Created by the Board of Estimate of the City of New York in 1955 to honor the City College graduate who developed the first anti-polio vaccine, the Jonas Salk scholarships are awarded to students who have been accepted to a U.S. medical school and have performed scientific research as an undergraduate. The winners receive a total of $8,000 ($2,000 per year for four-year medical schools) to help defray cost of their medical and graduate studies.

Aung’s laboratory work involves mitochondria proteins and the role they play in resistant tumors. She will attend Creighton University of Medicine in Omaha, Nebraska.

Family Source of Inspiration

Since childhood, Aung dreamed of becoming a doctor, and she credits her career ambitions to her family and their experiences.

“I watched my father’s efforts in furthering his nursing career and improve life for our family,” said Aung. “Also, I watched my grandmother die from a controllable illness.

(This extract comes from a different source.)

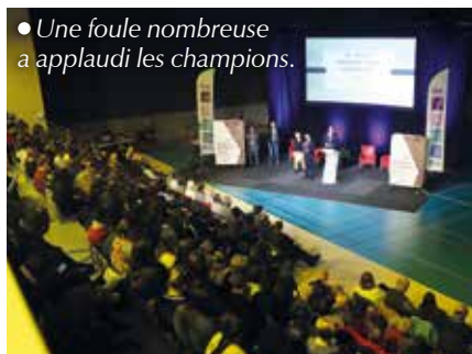
• Une foule nombreuse a applaudi les champions.

anime la cité. Entre applaudissements, hommages et fierté partagée, la soirée a offert un concentré d'émotions et de convivialité. Un moment qui illustre l'importance du sport comme lien social, moteur de cohésion et vecteur d'excellence.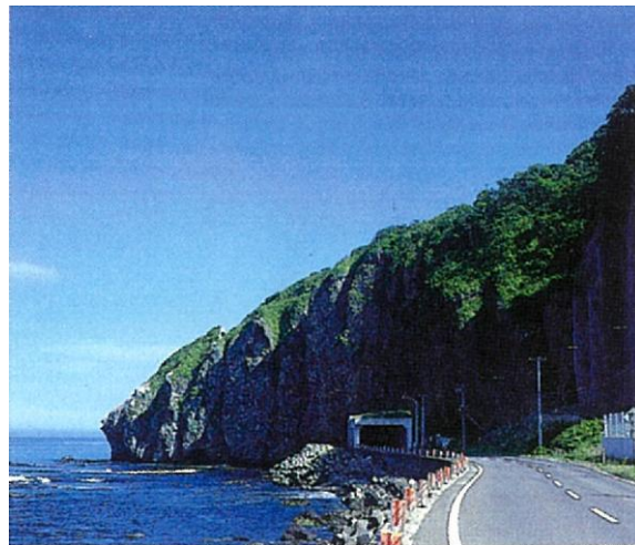
写真- 19 木直獅子鼻岬

“Being able to educate patients about their health and how they can take control of their situations is something that I’m passionate about. Better health literacy starts with doctors.”

After emigrating from Myanmar when she was 15 years old, Aung overcame numerous obstacles to achieve her current success. In particular, she recalled, was the difficulty of learning English, and assimilating into American culture.

“I’ve had to work hard and be extra ambitious to achieve my goals,” she explained. “If it weren’t for my family and support network, I wouldn’t be where I’m at today.

“I know that I can make a difference. Anything is possible with hard work and perseverance.”